Томас явно завидовал ей не меньше остальных.

— Вы знаете, что я написал три романа и ни один из них не попал в печать? — сказал он ей после занятий.

— Но ведь ваши стихи и рассказы были напечатаны.

— Да, только это и позволило мне не пасть духом и не считать, что я напрасно трачу время.

— Перестаньте. Просто не понимаю, как вы можете так говорить.

— Неужели? Одно дело — болтать о чем-то с умным видом и совсем другое — самому что-то создать.

— Но ведь столько печатается всякой гадости, под которой вы в жизни не поставили бы свою подпись, верно?

— Да, конечно.
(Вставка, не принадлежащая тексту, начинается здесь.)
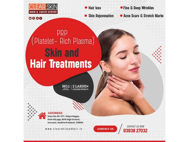 Clear Skin Hair & Laser Center in Kurnool is a healthcare facility that offers a range of cosmetic and medical services to help improve the appearance and health of patients' skin, hair, and body. They use advanced technologies and techniques, including laser therapy, to provide treatments that are safe, effective, and personalized to meet each patient's individual needs and goals. The center has a team of experienced and qualified professionals who work together to provide comprehensive and compassionate care to their patients. They are committed to helping their patients achieve clear, healthy, and beautiful skin, hair, and body.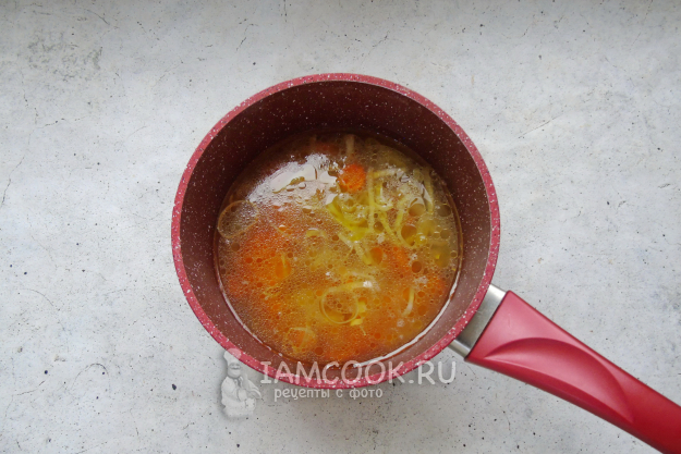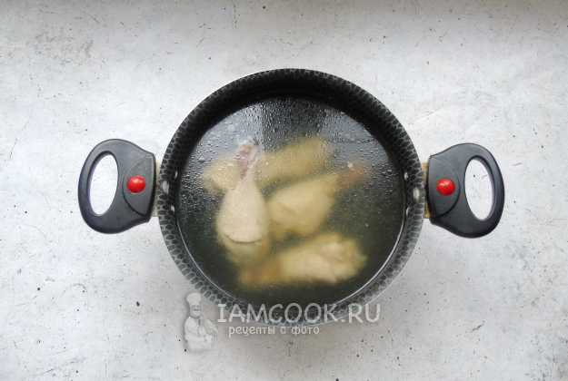 Сварите куриный бульон. Курицу помойте и выложите в кастрюлю. Налейте воду, доведите до кипения и огонь убавьте. Затем снимите пену и варите курицу до готовности. Чтобы бульон был прозрачным, готовьте его в кастрюле с приоткрытой крышкой, тогда кипение станет минимальным.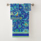 Hermoso conjunto de toallas con flores, pájaros, motivos respaldados en un brillante tono de azul real recortado en acuático y amarillo. Diseño vibrante único ideal para baños de invitados, o para ocasiones especiales como bodas, duchas, etc. Tenemos un gran surtido de toallas desde clásicas hasta eclécticas para satisfacer el gusto de todos.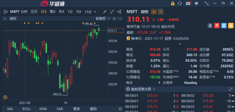 Q1各项财务报表均交出满意的答卷,微软股价在美股盘前涨幅近2%,报315.58美元,再度刷新股价高点。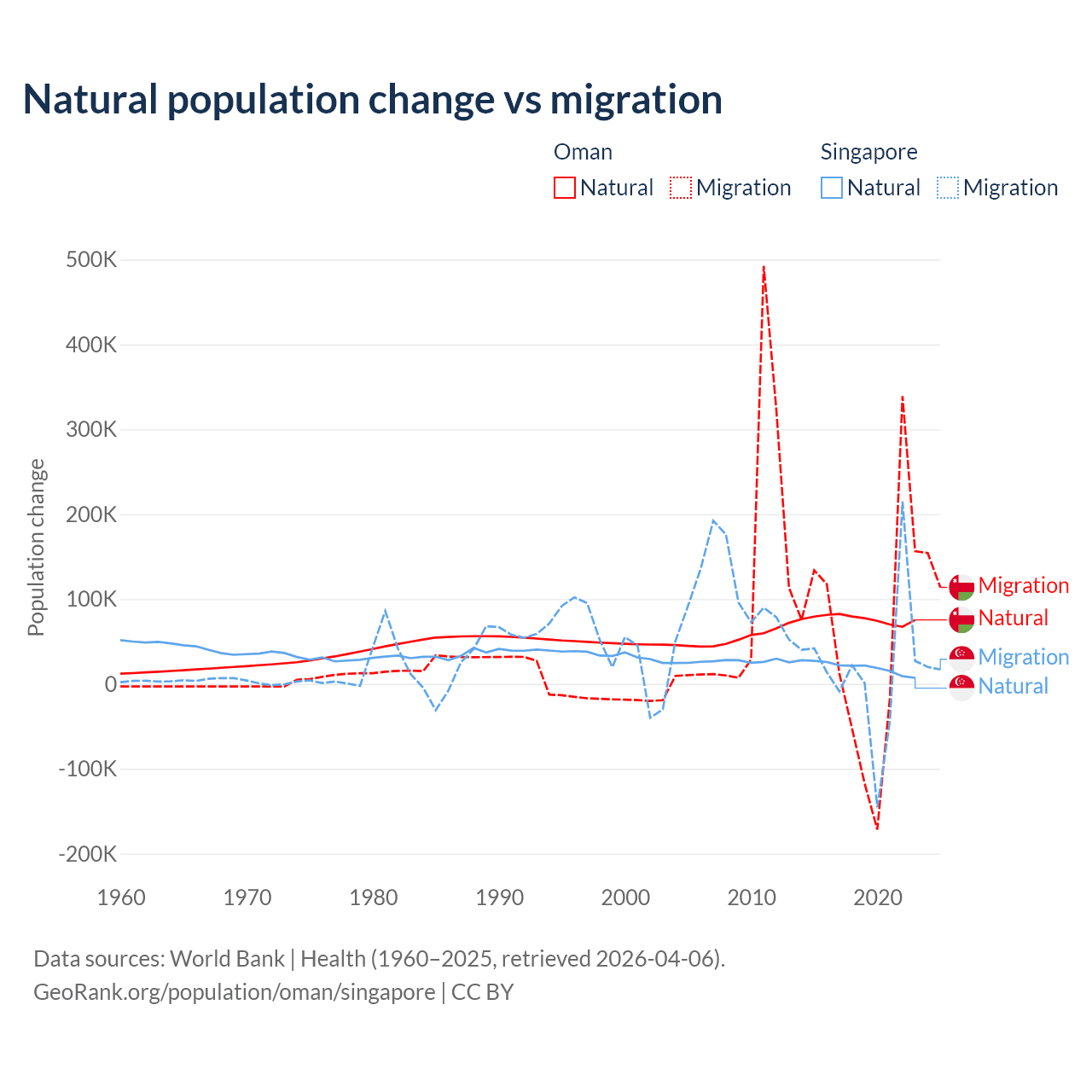 Over the last 10 years, 61.6% of the population change in Oman is from natural causes (a gain of 763,049 people) and 38.4% is from migration (a gain of 475,565 people). In Singapore 54.8% is from natural causes (a gain of 195,953 people) and 45.2% is from migration (a gain of 161,805 people).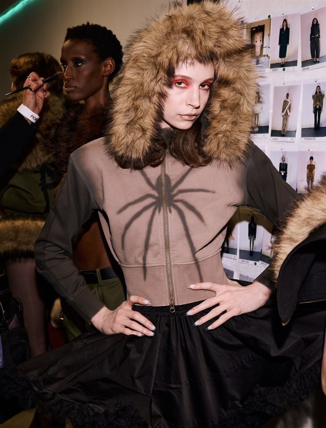 كما أضاف رمز العنكبوت بعداً سردياً للمجموعة، إذ بدا وكأنه خيط يربط بين القطع المختلفة ويمنحها هوية موحدة. فالتصاميم بدت وكأنها تحكي قصة تتنقل بين الرقة والصلابة، وبين الحماية والانكشاف، ما جعل العرض أقرب إلى تجربة فنية متكاملة. وقد ساعدت هذه الرمزية على تعزيز حضور العلامة كصوت إبداعي مستقل داخل مشهد الموضة العالمي.

Однако много печатается и такого, что я отдал бы правый глаз, лишь бы это написать.

— Еще неизвестно, к какой категории вы отнесете мою книгу.

— Да, это верно. — Он с минуту задумчиво смотрел на нее, и вдруг оба рассмеялись.

— Зато теперь я буду ужасно бояться, что вы о ней подумаете, когда прочтете.

1

Автор намеренно путает фамилии двух известных молодых писательниц: английской писательницы Маргарет Дрэббл и ирландской — Эдны О’Брайен.